* _Task requirements_: The reply should contain every line of the data, repeated exactly, and no pictures.

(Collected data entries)
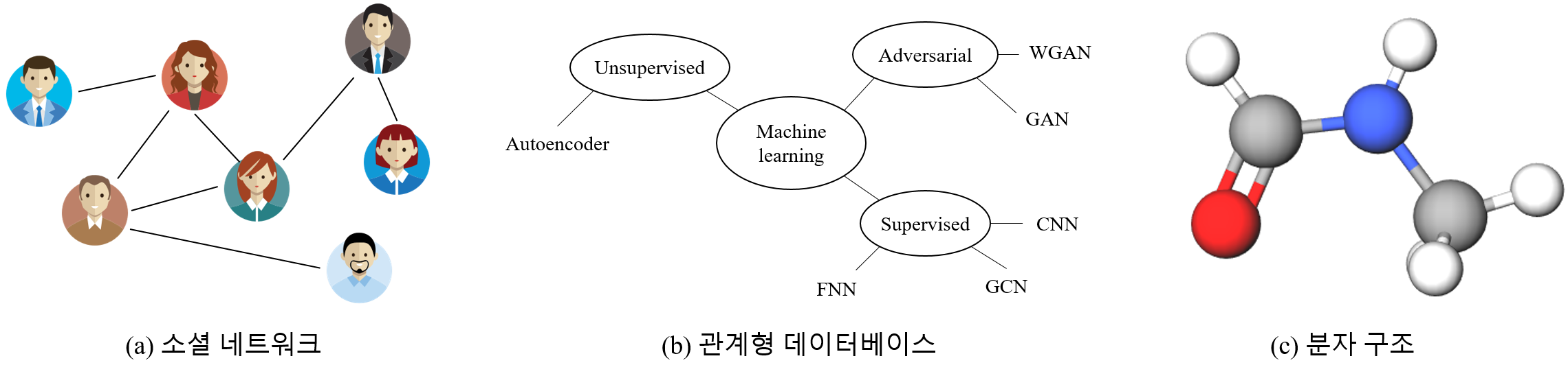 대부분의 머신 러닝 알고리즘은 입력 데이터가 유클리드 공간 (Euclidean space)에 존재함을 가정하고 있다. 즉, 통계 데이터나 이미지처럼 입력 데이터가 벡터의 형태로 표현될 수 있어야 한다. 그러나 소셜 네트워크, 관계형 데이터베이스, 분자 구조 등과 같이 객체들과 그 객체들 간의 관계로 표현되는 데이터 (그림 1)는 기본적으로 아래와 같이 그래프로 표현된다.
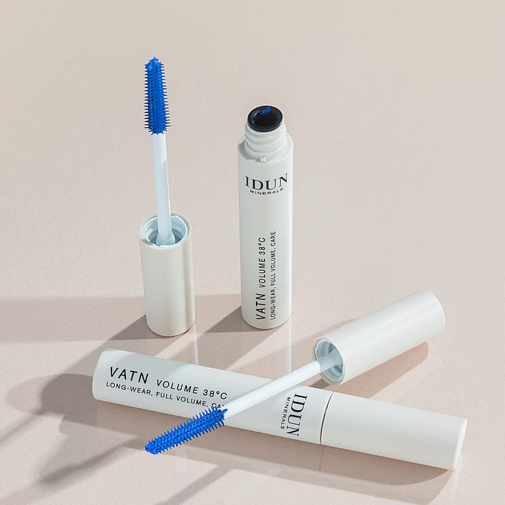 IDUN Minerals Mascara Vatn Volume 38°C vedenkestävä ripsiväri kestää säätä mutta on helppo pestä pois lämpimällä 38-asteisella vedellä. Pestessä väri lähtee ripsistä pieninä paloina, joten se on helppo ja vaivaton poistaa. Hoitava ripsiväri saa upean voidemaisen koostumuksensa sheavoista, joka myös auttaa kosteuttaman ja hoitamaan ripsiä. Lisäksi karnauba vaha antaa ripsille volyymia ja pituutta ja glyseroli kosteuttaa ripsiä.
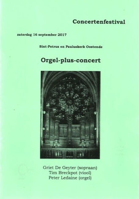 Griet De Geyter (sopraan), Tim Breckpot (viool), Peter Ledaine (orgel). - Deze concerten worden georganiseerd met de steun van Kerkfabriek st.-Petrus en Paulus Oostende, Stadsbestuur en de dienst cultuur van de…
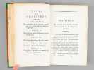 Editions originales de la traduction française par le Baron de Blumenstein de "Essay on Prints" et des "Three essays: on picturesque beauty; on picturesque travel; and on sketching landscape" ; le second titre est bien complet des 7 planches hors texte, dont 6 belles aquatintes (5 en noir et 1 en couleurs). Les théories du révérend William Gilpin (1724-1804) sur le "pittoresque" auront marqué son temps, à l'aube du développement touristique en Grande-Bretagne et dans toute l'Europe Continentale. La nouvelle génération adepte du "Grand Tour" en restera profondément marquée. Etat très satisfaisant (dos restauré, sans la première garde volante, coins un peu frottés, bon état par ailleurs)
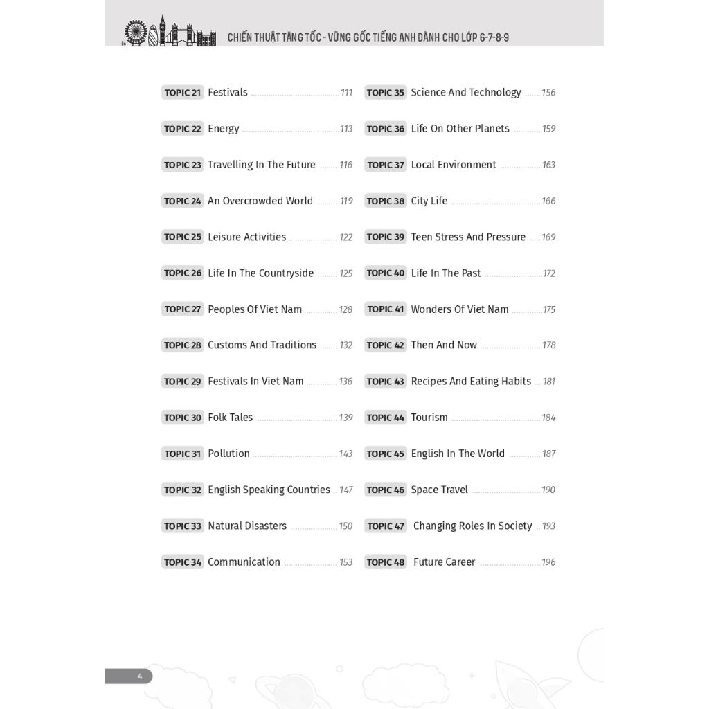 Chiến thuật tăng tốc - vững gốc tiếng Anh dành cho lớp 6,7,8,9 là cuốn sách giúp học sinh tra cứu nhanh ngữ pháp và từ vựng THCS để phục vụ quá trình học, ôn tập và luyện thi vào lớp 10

* _Expected output_:
 대부분의 머신 러닝 알고리즘은 입력 데이터가 유클리드 공간 (Euclidean space)에 존재함을 가정하고 있다. 즉, 통계 데이터나 이미지처럼 입력 데이터가 벡터의 형태로 표현될 수 있어야 한다. 그러나 소셜 네트워크, 관계형 데이터베이스, 분자 구조 등과 같이 객체들과 그 객체들 간의 관계로 표현되는 데이터 (그림 1)는 기본적으로 아래와 같이 그래프로 표현된다.
 IDUN Minerals Mascara Vatn Volume 38°C vedenkestävä ripsiväri kestää säätä mutta on helppo pestä pois lämpimällä 38-asteisella vedellä. Pestessä väri lähtee ripsistä pieninä paloina, joten se on helppo ja vaivaton poistaa. Hoitava ripsiväri saa upean voidemaisen koostumuksensa sheavoista, joka myös auttaa kosteuttaman ja hoitamaan ripsiä. Lisäksi karnauba vaha antaa ripsille volyymia ja pituutta ja glyseroli kosteuttaa ripsiä.
 Griet De Geyter (sopraan), Tim Breckpot (viool), Peter Ledaine (orgel). - Deze concerten worden georganiseerd met de steun van Kerkfabriek st.-Petrus en Paulus Oostende, Stadsbestuur en de dienst cultuur van de…
 Editions originales de la traduction française par le Baron de Blumenstein de "Essay on Prints" et des "Three essays: on picturesque beauty; on picturesque travel; and on sketching landscape" ; le second titre est bien complet des 7 planches hors texte, dont 6 belles aquatintes (5 en noir et 1 en couleurs). Les théories du révérend William Gilpin (1724-1804) sur le "pittoresque" auront marqué son temps, à l'aube du développement touristique en Grande-Bretagne et dans toute l'Europe Continentale. La nouvelle génération adepte du "Grand Tour" en restera profondément marquée. Etat très satisfaisant (dos restauré, sans la première garde volante, coins un peu frottés, bon état par ailleurs)
 Chiến thuật tăng tốc - vững gốc tiếng Anh dành cho lớp 6,7,8,9 là cuốn sách giúp học sinh tra cứu nhanh ngữ pháp và từ vựng THCS để phục vụ quá trình học, ôn tập và luyện thi vào lớp 10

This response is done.